## Work required:
Using the records below, reproduce exactly the lines from the one containing "광주시민은 사회서비스 발전을" through the end, and nothing more; skip the images.

▬▬▬▬▬▬▬▬▬▬

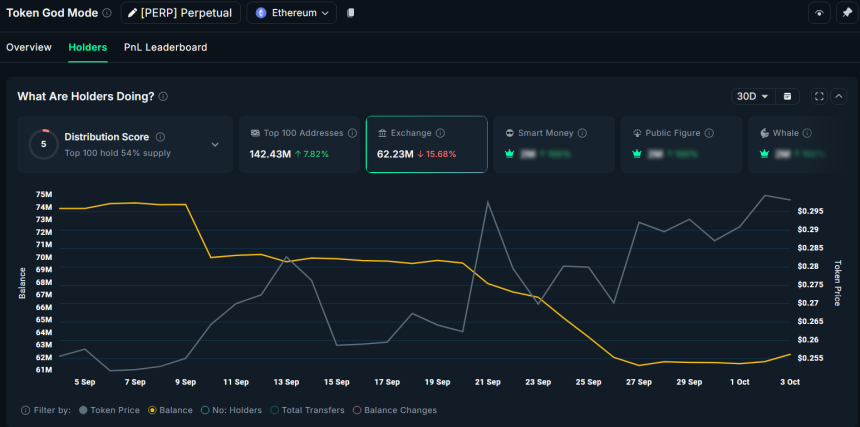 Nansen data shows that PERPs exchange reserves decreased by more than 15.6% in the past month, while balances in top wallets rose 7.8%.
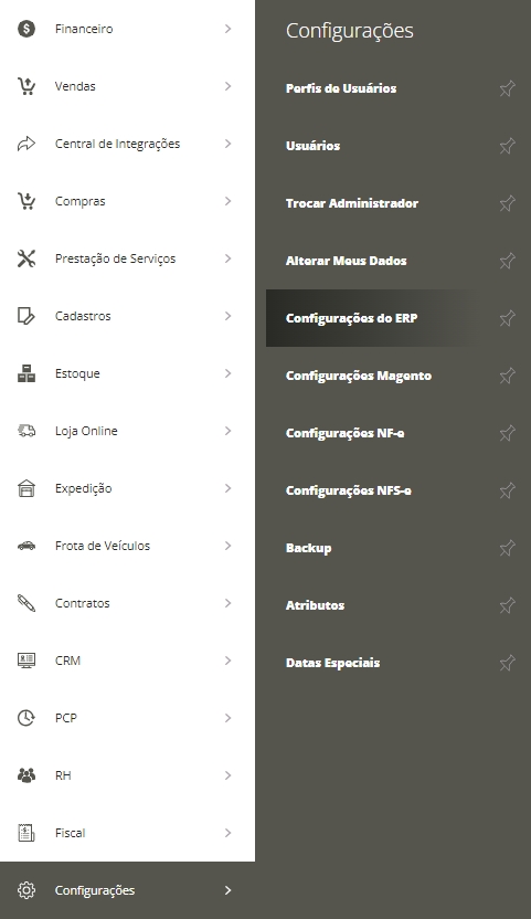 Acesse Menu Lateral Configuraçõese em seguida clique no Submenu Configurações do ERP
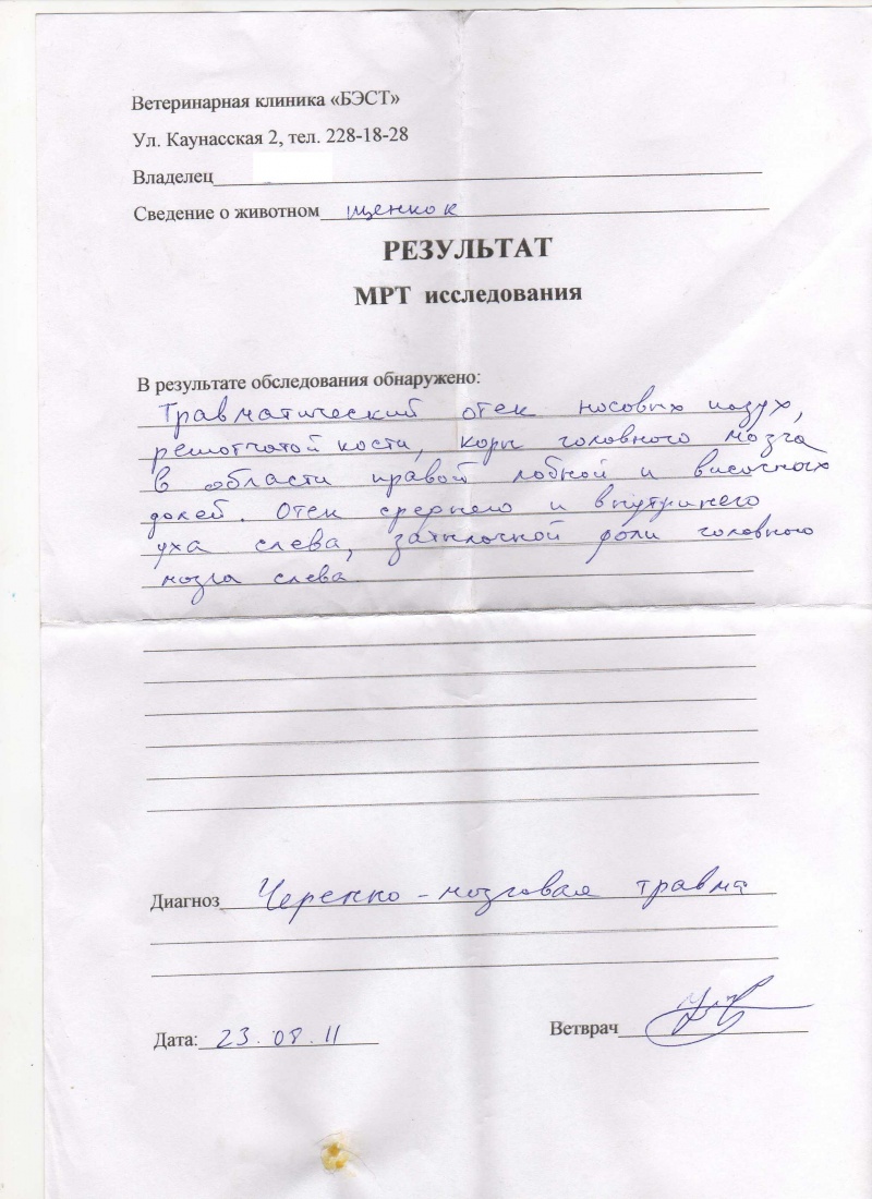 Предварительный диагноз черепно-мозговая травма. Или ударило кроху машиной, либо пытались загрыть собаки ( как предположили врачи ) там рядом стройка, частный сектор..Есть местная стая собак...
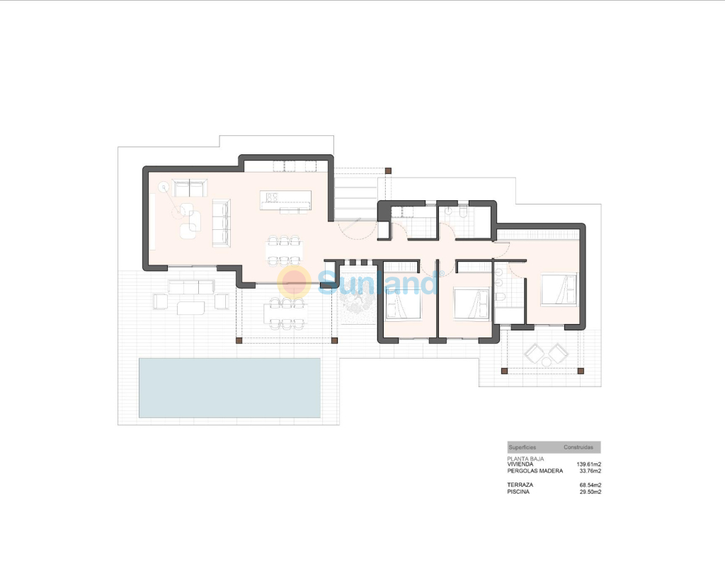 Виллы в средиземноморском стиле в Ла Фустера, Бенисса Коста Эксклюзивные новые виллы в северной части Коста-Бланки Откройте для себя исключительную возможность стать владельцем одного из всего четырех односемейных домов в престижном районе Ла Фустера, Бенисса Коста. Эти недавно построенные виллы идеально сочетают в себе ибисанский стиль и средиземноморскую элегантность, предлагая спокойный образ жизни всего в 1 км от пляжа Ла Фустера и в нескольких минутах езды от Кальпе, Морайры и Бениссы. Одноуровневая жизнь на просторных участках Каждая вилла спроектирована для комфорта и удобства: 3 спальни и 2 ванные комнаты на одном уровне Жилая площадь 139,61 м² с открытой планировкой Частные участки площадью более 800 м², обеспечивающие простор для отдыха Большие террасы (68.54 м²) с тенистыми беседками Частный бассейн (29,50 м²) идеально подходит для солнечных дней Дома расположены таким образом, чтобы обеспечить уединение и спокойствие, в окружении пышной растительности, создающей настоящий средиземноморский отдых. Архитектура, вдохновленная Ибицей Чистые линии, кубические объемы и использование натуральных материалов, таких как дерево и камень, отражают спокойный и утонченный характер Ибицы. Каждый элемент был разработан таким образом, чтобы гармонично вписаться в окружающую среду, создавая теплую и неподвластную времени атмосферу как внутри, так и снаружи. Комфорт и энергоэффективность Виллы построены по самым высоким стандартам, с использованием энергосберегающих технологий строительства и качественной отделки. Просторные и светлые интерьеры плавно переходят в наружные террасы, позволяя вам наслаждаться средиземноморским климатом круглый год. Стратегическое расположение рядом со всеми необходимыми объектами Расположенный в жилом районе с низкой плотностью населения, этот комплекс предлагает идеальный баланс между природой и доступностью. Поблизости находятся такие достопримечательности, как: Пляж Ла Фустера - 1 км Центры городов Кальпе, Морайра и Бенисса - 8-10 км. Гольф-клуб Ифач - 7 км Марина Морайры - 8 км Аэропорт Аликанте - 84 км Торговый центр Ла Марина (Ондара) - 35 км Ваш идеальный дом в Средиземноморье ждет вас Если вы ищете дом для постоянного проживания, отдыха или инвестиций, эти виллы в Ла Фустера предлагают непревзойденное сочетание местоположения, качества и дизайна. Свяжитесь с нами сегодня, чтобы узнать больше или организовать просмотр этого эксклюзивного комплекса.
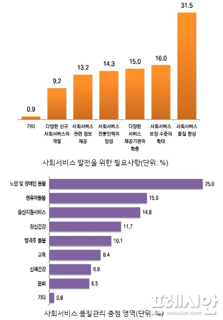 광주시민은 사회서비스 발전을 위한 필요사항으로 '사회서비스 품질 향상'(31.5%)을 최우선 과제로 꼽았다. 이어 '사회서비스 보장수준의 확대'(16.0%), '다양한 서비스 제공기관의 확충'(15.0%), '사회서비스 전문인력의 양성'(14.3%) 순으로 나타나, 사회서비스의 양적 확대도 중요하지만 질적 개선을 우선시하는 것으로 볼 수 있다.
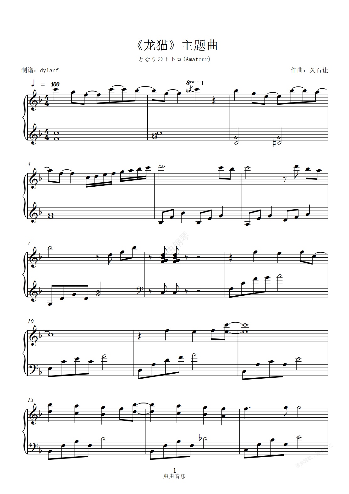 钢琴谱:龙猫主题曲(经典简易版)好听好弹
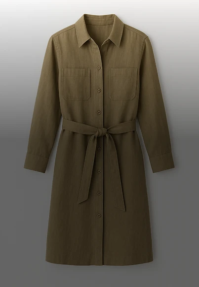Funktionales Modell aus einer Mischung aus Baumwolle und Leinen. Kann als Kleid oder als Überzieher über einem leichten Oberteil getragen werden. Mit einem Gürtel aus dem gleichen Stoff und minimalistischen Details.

▬▬▬▬▬▬▬▬▬▬

## Result below:
 광주시민은 사회서비스 발전을 위한 필요사항으로 '사회서비스 품질 향상'(31.5%)을 최우선 과제로 꼽았다. 이어 '사회서비스 보장수준의 확대'(16.0%), '다양한 서비스 제공기관의 확충'(15.0%), '사회서비스 전문인력의 양성'(14.3%) 순으로 나타나, 사회서비스의 양적 확대도 중요하지만 질적 개선을 우선시하는 것으로 볼 수 있다.
 钢琴谱:龙猫主题曲(经典简易版)好听好弹
Funktionales Modell aus einer Mischung aus Baumwolle und Leinen. Kann als Kleid oder als Überzieher über einem leichten Oberteil getragen werden. Mit einem Gürtel aus dem gleichen Stoff und minimalistischen Details.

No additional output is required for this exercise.